La forma de la oración ignaciana cumple con los momentos propios de una
conversación donde intercambiamos primero un saludo de bienvenida (Disposición: Me siento cómodo, y me dispongo a pasar un lindo momento con Jesús. Me hago consciente de mi cuerpo. Me sereno. Escucho mi respiración. Siento cómo Dios me mira, digo alguna frase de reverencia, hago la señal de la cruz para comenzar mi oración); un momento donde le pedimos algo a esa persona que está conmigo (lo que se busca en la oración); un momento donde hago silencio y escucho la palabra mediante la meditación y, finalmente, el coloquio donde tomo la palabra buscando expresarle lo que más necesito decirle: agradeciendo, pidiendo o buscando algún consejo suyo.

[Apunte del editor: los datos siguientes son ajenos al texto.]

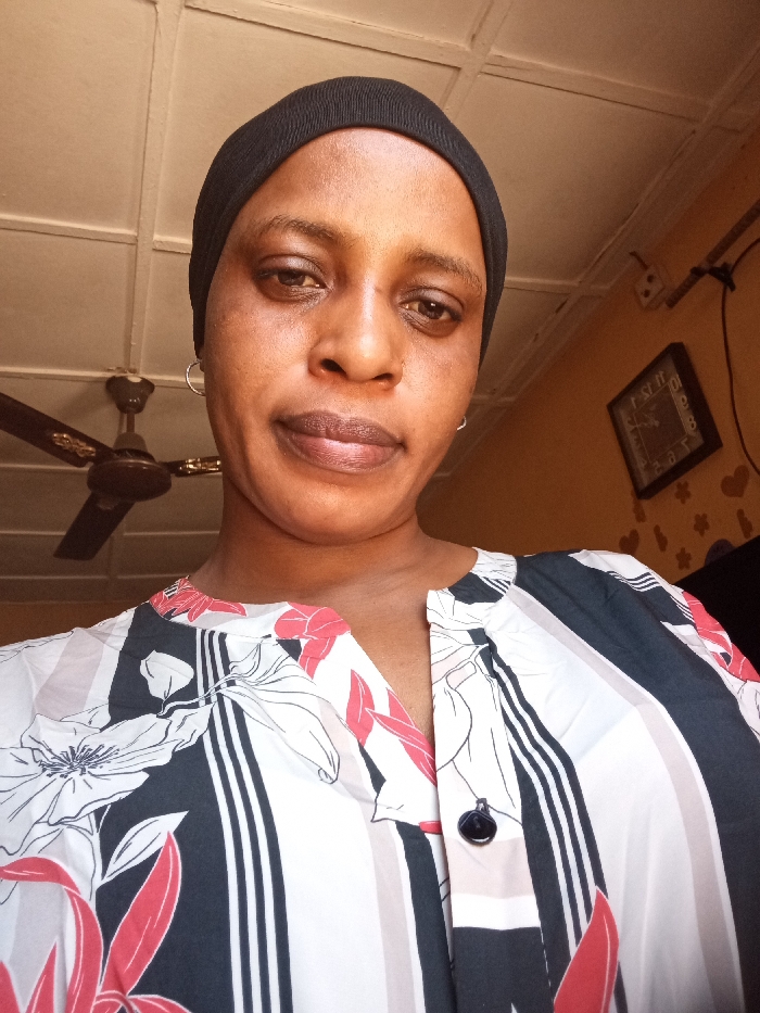 A frontal, waist-up image depicts an adult female indoors, facing the camera with a neutral expression. She wears a black head covering and a patterned garment featuring white, black, and red floral designs interspersed with vertical stripes. Small silver-colored hoop earrings are visible on both ears. The background features a light-colored paneled ceiling and a light brown wall. A brown three-bladed ceiling fan is partially visible in the upper left. A square, dark-framed wall clock with white numerals is mounted on the upper right wall, above subtle decorative elements. Electrical outlets are also visible near the ceiling on the right. The precise location within Narayi, Nigeria, is not visually discernible.

El momento de escucha de la meditación consiste en una lectura tranquila del
texto dado, buscando que de las palabras se desprenda el sabor oculto y el sentido hondo que tienen. Las palabras son como un pedazo de pan o de carne: algo que masticamos con lentitud buscando que de ellas aparezca el sabor. No hace falta sacar conclusiones ni leer todo el texto, sino, más bien, sentir las palabras, y gustar y repetir internamente aquella frase que me despierta sabor. A veces puede ser una frase muy sencilla, o sólo un verbo la que despunte un sabor hondo para el alma: no hace falta seguir adelante, sino que es bueno quedarse ahí donde gustamos de la paz o del cariño de Dios. Los pasos para la meditación pueden ser los siguientes
a) Leo detenidamente cada frase, por ejemplo: “Tú me sondeas y me conoces”
(Salmo 139) b) Repito y mastico esa frase internamente. c) Me pregunto internamente por su sentido: ¿qué significa que me conoce? ¿cómo es que me sondea? ¿qué significa ese “tu”? Buscando más que responder a esas preguntas, el sentir la profundidad desconocida hacia la cual apuntan.